— PROBLEM —
Restate every line below word for word, but drop each picture.

— MATERIAL PROVIDED —
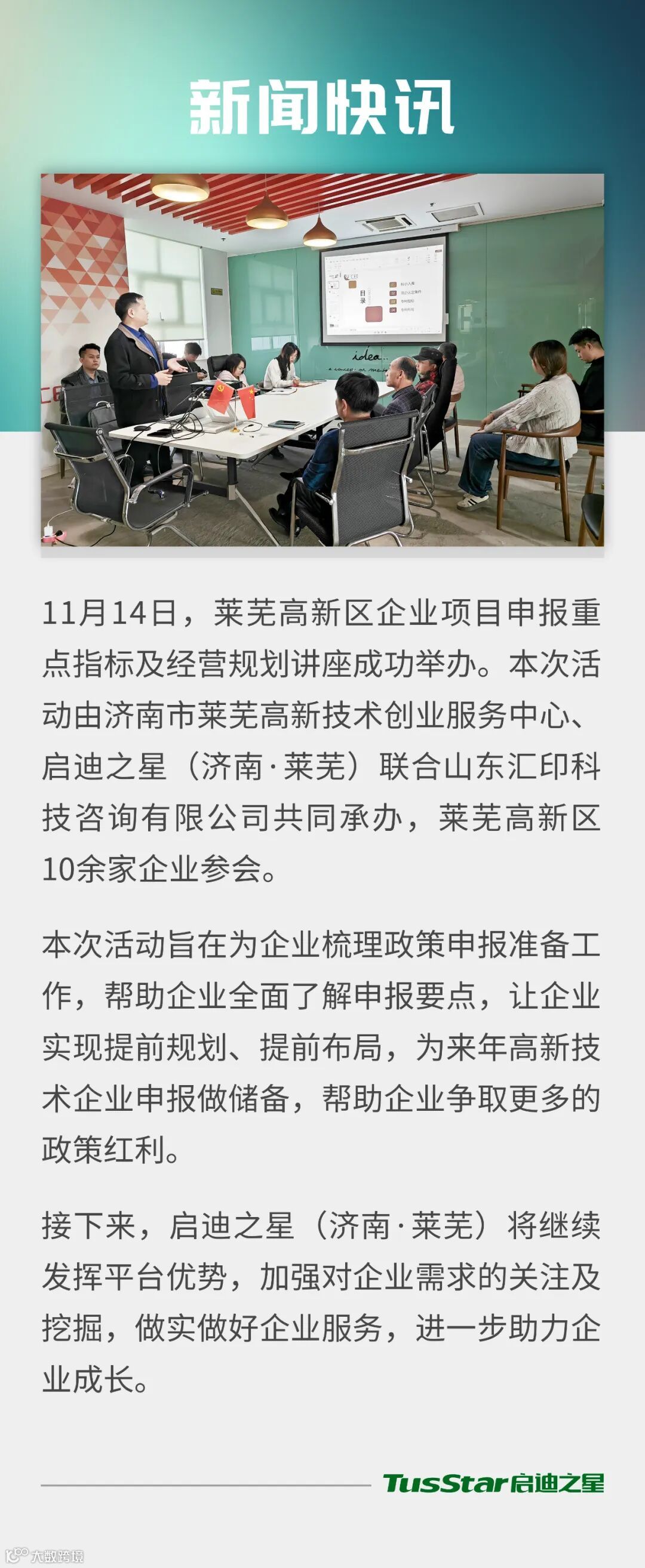 启迪之星(济南·莱芜)后备高企项目申报规划讲座成功举办!
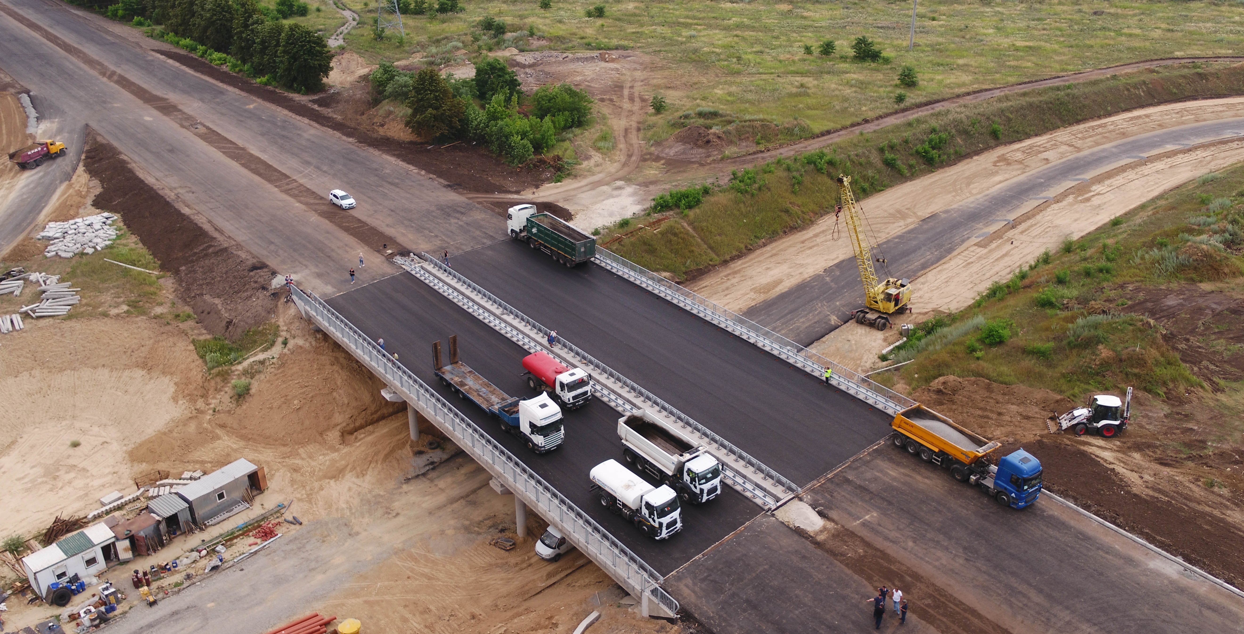 На сьогодні вже заасфальтували дорогу через шляхопровід. Наразі асфальтують підходи до нього та з’їзди: вже укладали два з трьох шарів покриття. За проектом, товщина дорожнього «одягу» – 25 см.
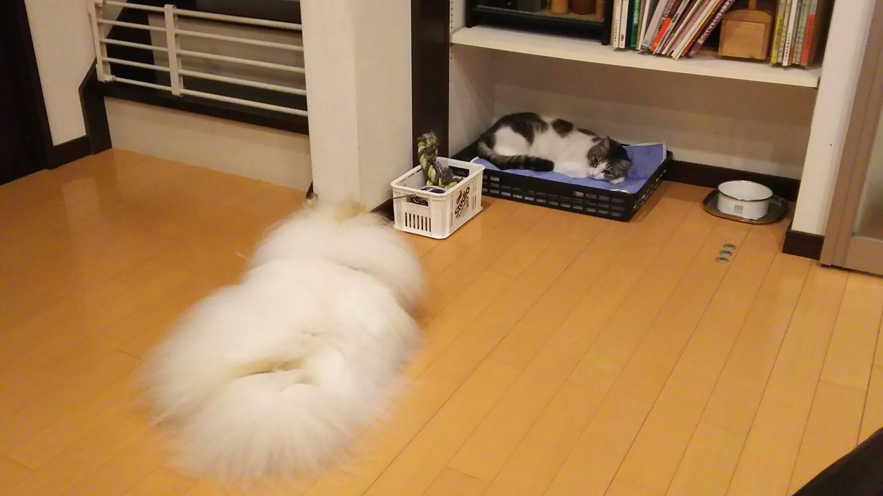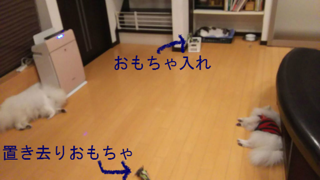 この後 おもちゃ入れまでぽん太郎君がおもちゃを取りに行き 夢の目の前でおもちゃをガジガジして遊ぶも 夢はリラックスモード
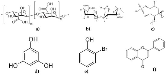 Seaweeds compound structure: (a) sodium alginate; (b) iota-carrageenan; (c) fucoidan; (d) phloroglucinol; (e) bromophenol; (f) flavonoid.
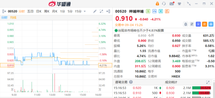 呷哺呷哺 $00520.HK 盘中跌超45%,触及历史低点0.9港元,截至发稿,跌4.21%,报0.91港元,成交额585万港元。
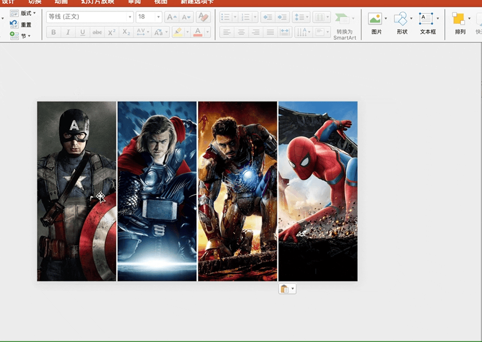 第四步:再次复制一页幻灯片,选中第一张图片,把他裁剪变宽,将后面几个图片向右移动。
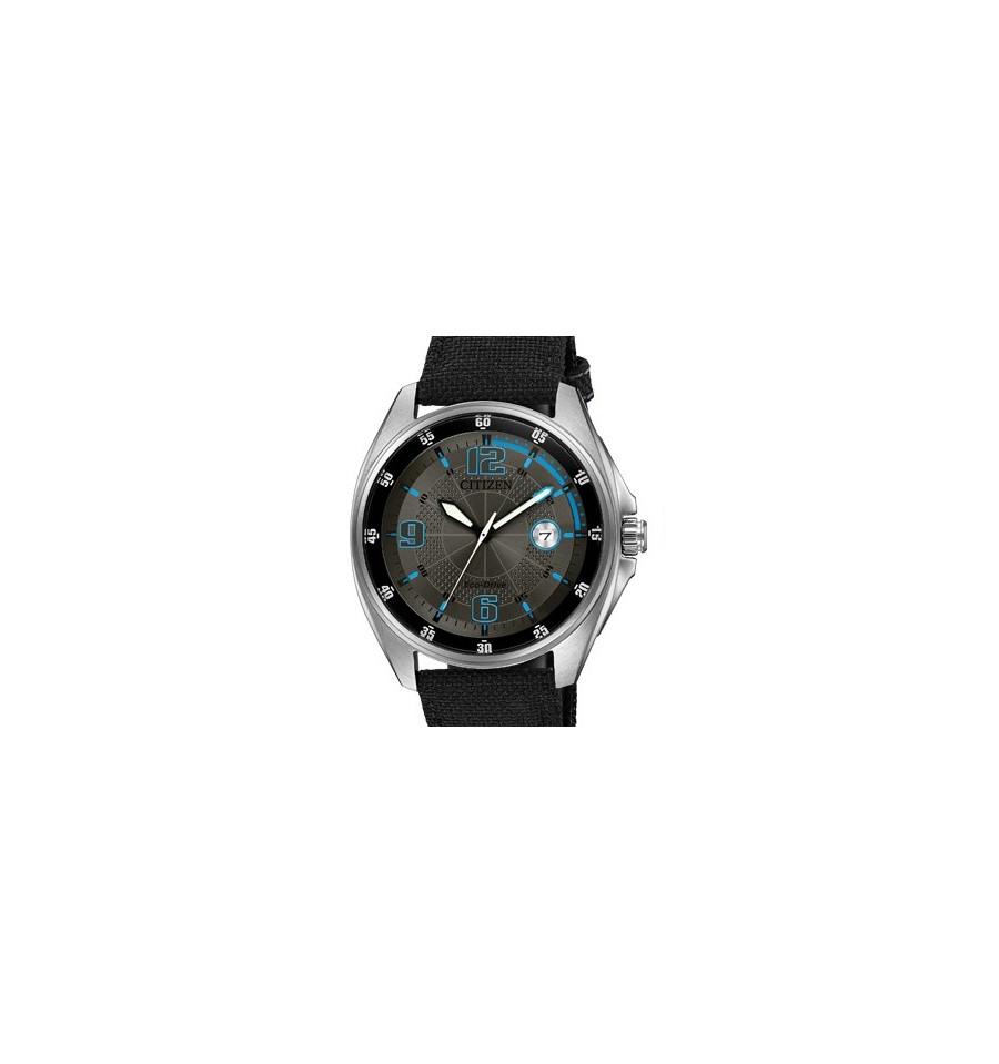Carcasa este din otel inoxidabil, bratara din material textil, cadranul din cristal mineral (rezistent la zgarieturi).
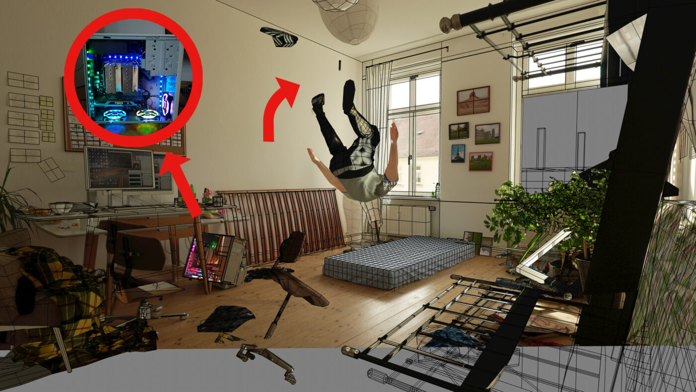 Ein Rückwärtssalto ist gefährlich. Man kann sich den Hals brechen, den Kopf stoßen oder das Handgelenk verstauchen. Alles nicht schön, deswegen macht es mein Avatar. Es übt auf einem 6-Kern Prozessor mit Hilfe von Machine Learning.
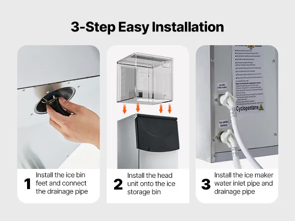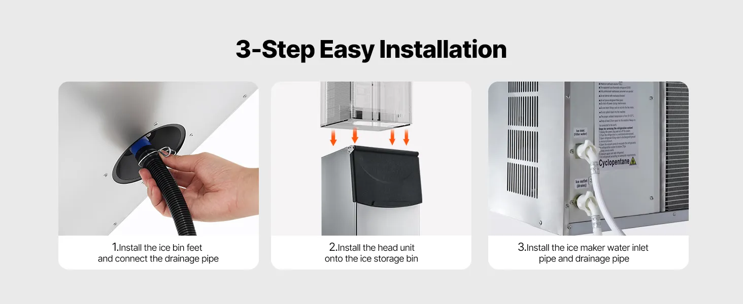 Komercyjny pojemnik do przechowywania lodu można zainstalować w zaledwie 3 prostych krokach. Szybko skonfiguruj maszynę do lodu i zacznij produkować lody.
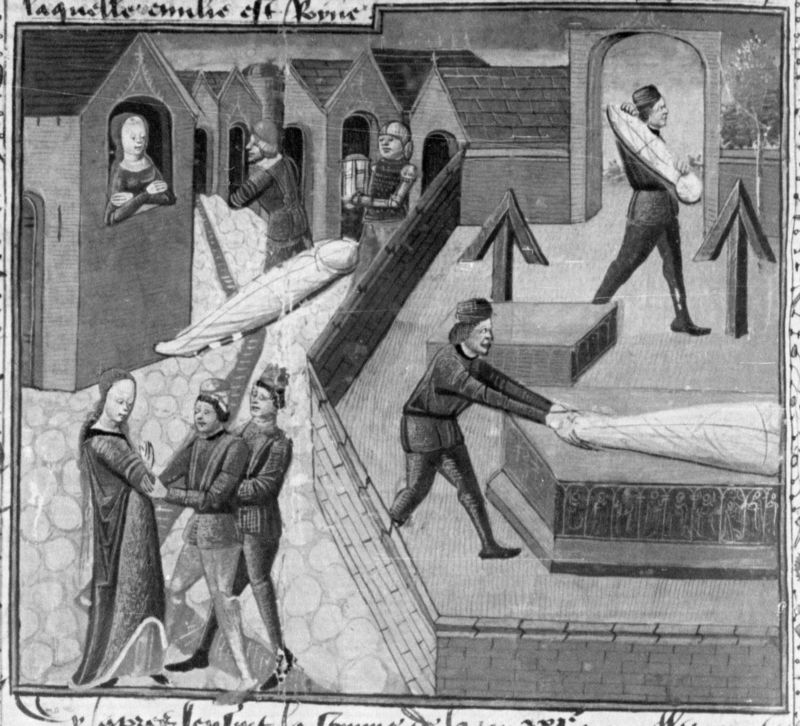 Parigi, Bibliothèque Nationale de France, Fr. 240, f. 253v. Francesca parla con i suoi amanti Rinuccio e Alessandro, assegnando a ciascuno un compito; Rinuccio dissotterra un cadavere dal cimitero e lo trasporta sotto la casa di Francesca, per poi abbandonarlo all'arrivo di una guardia.

— COMPLETED TASK —
 启迪之星(济南·莱芜)后备高企项目申报规划讲座成功举办!
 На сьогодні вже заасфальтували дорогу через шляхопровід. Наразі асфальтують підходи до нього та з’їзди: вже укладали два з трьох шарів покриття. За проектом, товщина дорожнього «одягу» – 25 см.
 この後 おもちゃ入れまでぽん太郎君がおもちゃを取りに行き 夢の目の前でおもちゃをガジガジして遊ぶも 夢はリラックスモード
 Seaweeds compound structure: (a) sodium alginate; (b) iota-carrageenan; (c) fucoidan; (d) phloroglucinol; (e) bromophenol; (f) flavonoid.
 呷哺呷哺 $00520.HK 盘中跌超45%,触及历史低点0.9港元,截至发稿,跌4.21%,报0.91港元,成交额585万港元。
 第四步:再次复制一页幻灯片,选中第一张图片,把他裁剪变宽,将后面几个图片向右移动。
Carcasa este din otel inoxidabil, bratara din material textil, cadranul din cristal mineral (rezistent la zgarieturi).
 Ein Rückwärtssalto ist gefährlich. Man kann sich den Hals brechen, den Kopf stoßen oder das Handgelenk verstauchen. Alles nicht schön, deswegen macht es mein Avatar. Es übt auf einem 6-Kern Prozessor mit Hilfe von Machine Learning.
 Komercyjny pojemnik do przechowywania lodu można zainstalować w zaledwie 3 prostych krokach. Szybko skonfiguruj maszynę do lodu i zacznij produkować lody.
 Parigi, Bibliothèque Nationale de France, Fr. 240, f. 253v. Francesca parla con i suoi amanti Rinuccio e Alessandro, assegnando a ciascuno un compito; Rinuccio dissotterra un cadavere dal cimitero e lo trasporta sotto la casa di Francesca, per poi abbandonarlo all'arrivo di una guardia.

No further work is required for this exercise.